### Data excerpts
--
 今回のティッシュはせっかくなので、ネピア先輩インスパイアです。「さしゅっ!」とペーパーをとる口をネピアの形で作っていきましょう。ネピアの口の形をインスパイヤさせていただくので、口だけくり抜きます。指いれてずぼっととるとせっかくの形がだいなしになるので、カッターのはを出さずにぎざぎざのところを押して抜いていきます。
--
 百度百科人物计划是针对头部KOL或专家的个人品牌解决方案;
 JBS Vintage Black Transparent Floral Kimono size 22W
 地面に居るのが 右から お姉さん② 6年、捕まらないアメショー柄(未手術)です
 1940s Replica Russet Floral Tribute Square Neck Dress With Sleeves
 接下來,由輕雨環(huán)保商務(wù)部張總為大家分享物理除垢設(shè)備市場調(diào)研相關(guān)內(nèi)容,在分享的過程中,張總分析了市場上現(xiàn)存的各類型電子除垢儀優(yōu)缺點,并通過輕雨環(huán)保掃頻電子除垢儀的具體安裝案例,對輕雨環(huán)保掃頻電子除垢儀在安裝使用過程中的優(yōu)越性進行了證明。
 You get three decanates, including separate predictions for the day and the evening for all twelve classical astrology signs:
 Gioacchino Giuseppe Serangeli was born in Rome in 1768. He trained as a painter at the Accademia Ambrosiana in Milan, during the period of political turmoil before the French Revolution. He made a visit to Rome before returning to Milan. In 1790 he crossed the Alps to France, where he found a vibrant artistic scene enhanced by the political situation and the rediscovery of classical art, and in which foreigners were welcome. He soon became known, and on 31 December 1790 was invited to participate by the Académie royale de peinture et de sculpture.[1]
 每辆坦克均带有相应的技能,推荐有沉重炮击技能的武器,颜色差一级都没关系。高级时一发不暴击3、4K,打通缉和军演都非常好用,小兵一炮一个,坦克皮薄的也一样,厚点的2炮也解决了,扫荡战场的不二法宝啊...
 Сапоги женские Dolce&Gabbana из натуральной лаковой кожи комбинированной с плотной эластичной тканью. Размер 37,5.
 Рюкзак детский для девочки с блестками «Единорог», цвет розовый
--
### Work item
Word for word, restate the lines of the data above that fall between the line holding "每辆坦克均带有相应的技能,推" and the line holding "Рюкзак детский для", inclusive, and no other lines.

### Solution to the exercise
 每辆坦克均带有相应的技能,推荐有沉重炮击技能的武器,颜色差一级都没关系。高级时一发不暴击3、4K,打通缉和军演都非常好用,小兵一炮一个,坦克皮薄的也一样,厚点的2炮也解决了,扫荡战场的不二法宝啊...
 Сапоги женские Dolce&Gabbana из натуральной лаковой кожи комбинированной с плотной эластичной тканью. Размер 37,5.
 Рюкзак детский для девочки с блестками «Единорог», цвет розовый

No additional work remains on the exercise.